К книге
Наказание без преступленияСтраница 40
82%
Страница 40
40

Сейчас я уже в редакции, приступил к работе. Туговато дело продвигается, будто впервые пишу для газеты. Лиха беда начало! С трудом одолеваю намеченную тему.

Не верь, Любонька, моим наговорам на себя. Развернусь, дай срок. Просто отвык от газетной работы — отсюда и затруднение. К тому времени, когда получишь это письмо, фронтовой очерк будет готов. Надеюсь, бывший правдист не оплошает на страницах дивизионки.

Через несколько дней буду там, где и должен быть. Власко и некоторые другие мои товарищи уже ходили на наше новое местожительство — на смотрины. Ничего, понравилось. Многолюдная улица. Можно сказать — главная магистраль. Прямая как стрела, летящая с севера на юг. О ней когда-то писал любимый тобой Радищев.

Понятна тебе моя писанина? Если нет, осваивай поскорее. Почерк мой испортился — придется тебе расшифровывать ребусы и каракули. У нас мороз, ветер и огненные закаты вполнеба.

Милая Любонька, посылаю тебе со счастливой оказией странички своего фронтового дневника, которые военная цензура зарезала бы, если бы я отправил обычным путем, почтой. Надеюсь, не обманет мой фронтовой доброжелатель, корреспондент столичной газеты.

Был на переднем крае, где нет окопов. Почему? Не успели вырыть? Лень? Нет, что ты. На переднем крае ленивые не уживаются. Земля насквозь промерзла. Низменная местность. Близко к поверхности подпочвенные воды. Заполняют самую маленькую выбоину или ямку. Где же и как укрываются бойцы во время вражеского обстрела? Соорудили наземное овальное гнездо с круговой обороной, толщиной в два метра, такой же высоты, с амбразурами через короткие промежутки. Сокрушить его можно только прямой наводкой, что немцам в данное время недоступно. Надежное укрытие. Смертельно только прямое попадание, что случается крайне редко. При мне, к счастью, не было ни одного.

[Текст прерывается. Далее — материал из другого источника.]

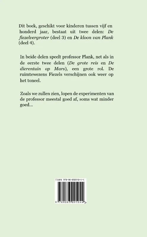 Dit boek, geschikt voor kinderen tussen vijf en honderd jaar, bestaat uit twee delen: De fiezelvergroter (deel 3) en De kloon van Plank (deel 4).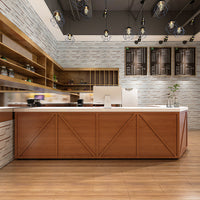 | Discover our Vintage - style Bar Reception Desk, a harmonious blend of classic allure and practicality. Its geometric patterns and angular lines create a timeless silhouette, infusing any space with nostalgia and sophistication.Perfect for bars and cafes, this desk features an artfully paneled facade, exuding understated luxury. | |
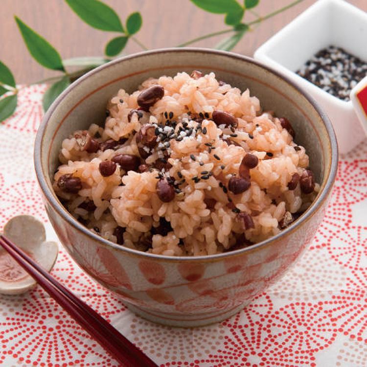ほんのり赤色に染まったご飯はもちもち、小豆もふっくらきれいに仕上がる、お手軽赤飯の作り方をご紹介。
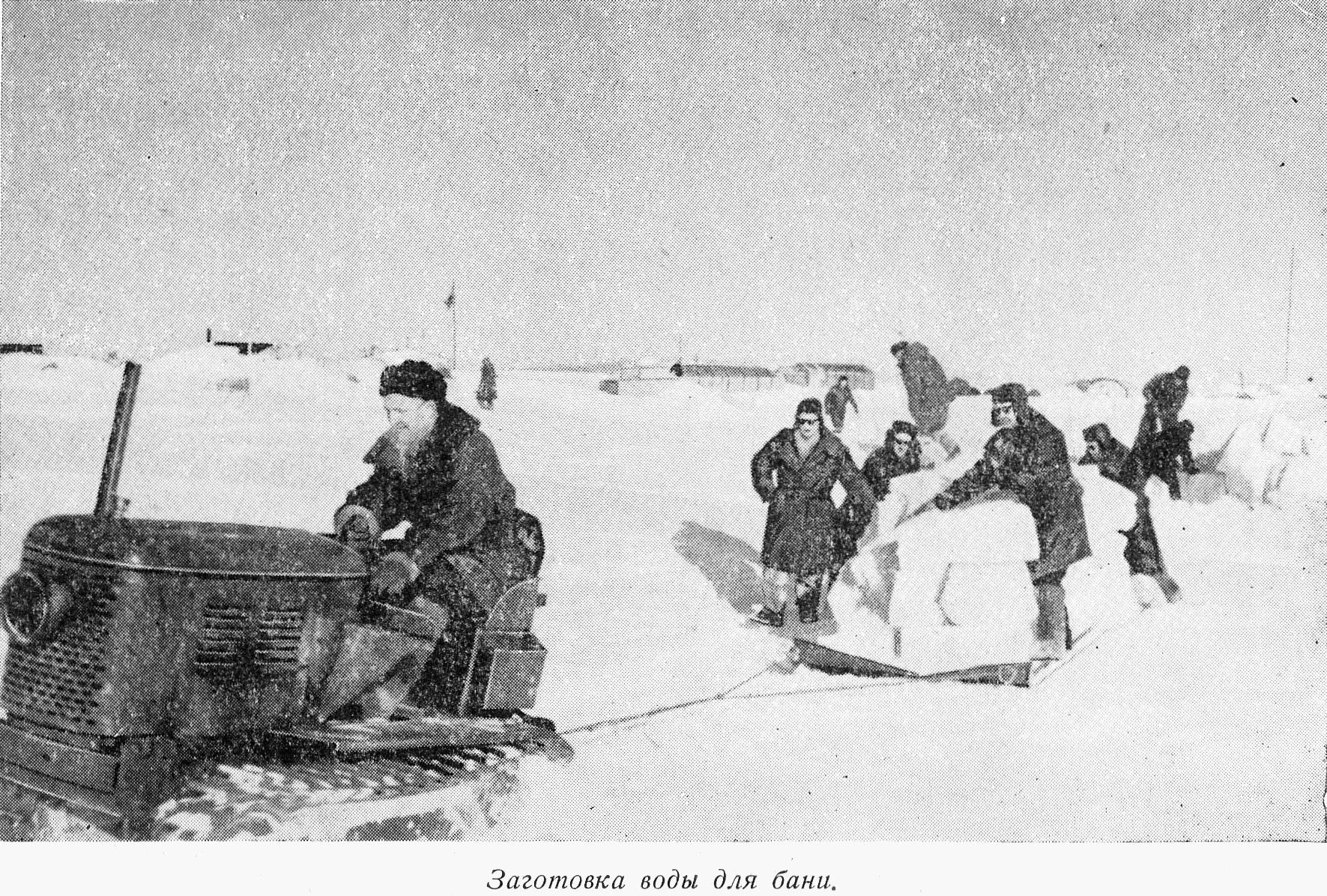В банный день еще задолго до завтрака из трубы над баней поднимаются густые клубы дыма. Это стараются дежурные по бане (их всегда двое). Работы хватает: в одном из сугробов вблизи станции нужно напилить ножовкой кубы снега, каждый весом минимум 15—20 кг (а снег плотный, еле ножовка врезается), затем эти кубы надо подтащить на волокуше к бане, рядом с которой стоит сделанная из бочки снеготаялка; после этого надо «делать» из снега горячую воду. Нагретую воду помпой перекачивают в бочки, находящиеся в бане.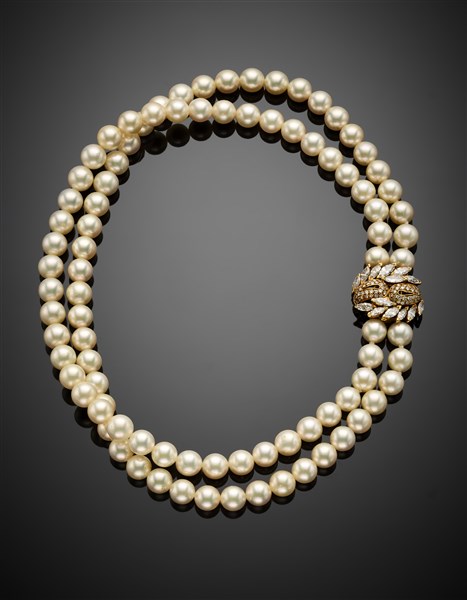 Collana a due fili di perle coltivate di mm 9/9,5 circa, chiusura in oro giallo rifinita in diamanti marquise e rotondi per complessivi ct. 3,20 circa, g 112,43 circa, lungh. cm 41 circa. Marcata 1100 MI.

Спрашивается, где же бойцы переднего края раздобыли строительный материал для оборонительного гнезда? Уложили по кругу плечо к плечу отвоевавшиеся тела однополчан, убитых во время последнего наступления местного значения, облили водой. Поверх первого ледяного слоя нарастили второй, потом третий и так далее. Представляешь?! Мертвые защищают живых. На войне как на войне. Нет ничего более бесчеловечного, как война.

Однако и на войне люди ухитряются, нет, умудряются оставаться людьми. Внутри «бублика» постоянно горит скромный костерик, нечто вроде вечного огня. Вокруг него и роятся в часы затишья люди переднего края. Курят, спят. Рассказывают байки. Вспоминают. Размышляют. Мечтают. Судят. Выносят приговоры. Пытаются разгадать государственные, мирового масштаба тайны. Читают газеты. Чистят оружие и даже хохочут.

Не представляешь? Не укладывается в голове? Что ж, это нормально для тебя, Живущей в Москве, под крышей, в теплом доме.

Для фронтовика-ленинградца, воюющего главным образом в окопах да «бубликах», тоже нормально — жить и оставаться сильным и непобедимым в нечеловеческих условиях. Тем и могуч отдельный человек и народ, что он в тяжелые для себя часы, дни, годы силой своего духа преобразует нечеловеческие условия в человеческие и в конце концов преодолевает самые страшные препятствия.

Думаю, ты без труда уловила наши личные мотивы в том, что я рассказал. Да, мы с тобой, поставленные волей всевышнего еще до войны, в сентябре сорокового года в нечеловеческие условия, остались людьми. Сами создаем для себя человеческие условия. Каждый день жизни берем с боем и медленно, но верно продвигаемся к свету, справедливости, правде.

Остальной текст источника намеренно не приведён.